New initiatives by the government to improve infrastructure for Indian railways and special focus on defence have opened new avenues for the business.

Increased thrust on rural drinking water will benefit the company.

The company is planning to introduce surface water treatment solutions by closely working with Public Health Engineering Departments (PHEDs) and Rural Water Supply Departments of various states.

Focus will be on expansion of ground water treatment solutions by tailoring products to meet the requirement of specific markets.

Other details

In 2015 Ion Exchange was awarded by Sri Lanka Water Board to execute water supply project worth US$ 194 million. EXIM bank recently sanctioned actual loan agreement with Sri Lanka Government. The project had suffered delay due to change in Sri Lankan government. The project has become live since now the loan agreement has been signed by EXIM Bank. Maximum this project will start in two months. Partial execution of project will be in FY 2017. It's a three year project.

In India water is subsidized except in Chennai and Bangalore where water is very costly compared to other regions in India. This is the reason why desalinization is not economically viable. If water is sold at economic rates, desalinization will be possible.

In Engineering, EPC business is a low margin business. The company is thus choosy in taking orders.

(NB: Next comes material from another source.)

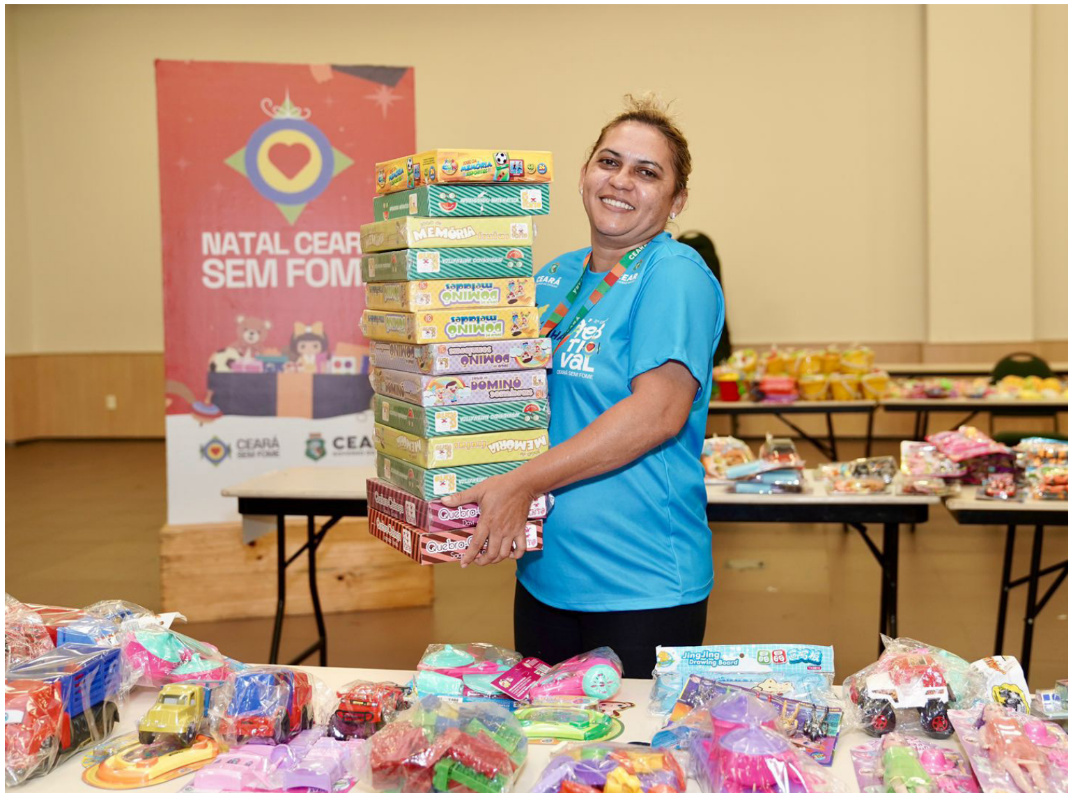
Não serão aceitos brinquedos usados, quebrados ou que façam apologia à violência.

A entrega dos presentes ocorrerá no dia 22 de dezembro, durante a Ceia Natalina das Cozinhas Ceará Sem Fome, realizada simultaneamente em mais de 1.300 cozinhas espalhadas pelos 184 municípios cearenses.

It will not go behind increasing sales at the expense of profits.

EPC business has better margins outside India and so the company is focusing on export markets.

Some of the subsidiaries are more like investment to be present in a particular country. The company has to be present in various countries to be present in one form or the other. This is the reason some are making losses.

Power sector was slow that is why chemical business was slow. But power sector is expected to grow fast so chemical business can also grow fast. Same with oil and Gas industry.

The shares are traded in T group due to physical holding held by the promoters. This is a legal issue. The management will try to sort out the issue and it is expected to be out of T segment hopefully in FY 2017.

The company is suffering loss in Indian subsidiaries in chemical business as there was no conducive environment. Also some project had financial overruns. The situation should however improve now.

The company would focus on Industrial business. Even though Consumer product business is loss making the company has no plans to sell it off.

It is not focusing more on consumer product business because Industry water treatment is its core business.

The company expects good traction from domestic markets from Q3 onwards.

Trade payable of Rs 330 crore is due to creditors in EPC business.

The company does not see any substantial write offs in receivables which is in the range of Rs 300-400 crore.

Industrial sector is expected to be growing at a CAGR of 6-7% while waste water treatment projected CAGR is 8-10% through 2015-2020.

The global ion exchange resins market is projected to grow at a CAGR of 5-6%.

The water purifier market in India is expected to see good growth since the focus is now on rural markets which is highly un-penetrated.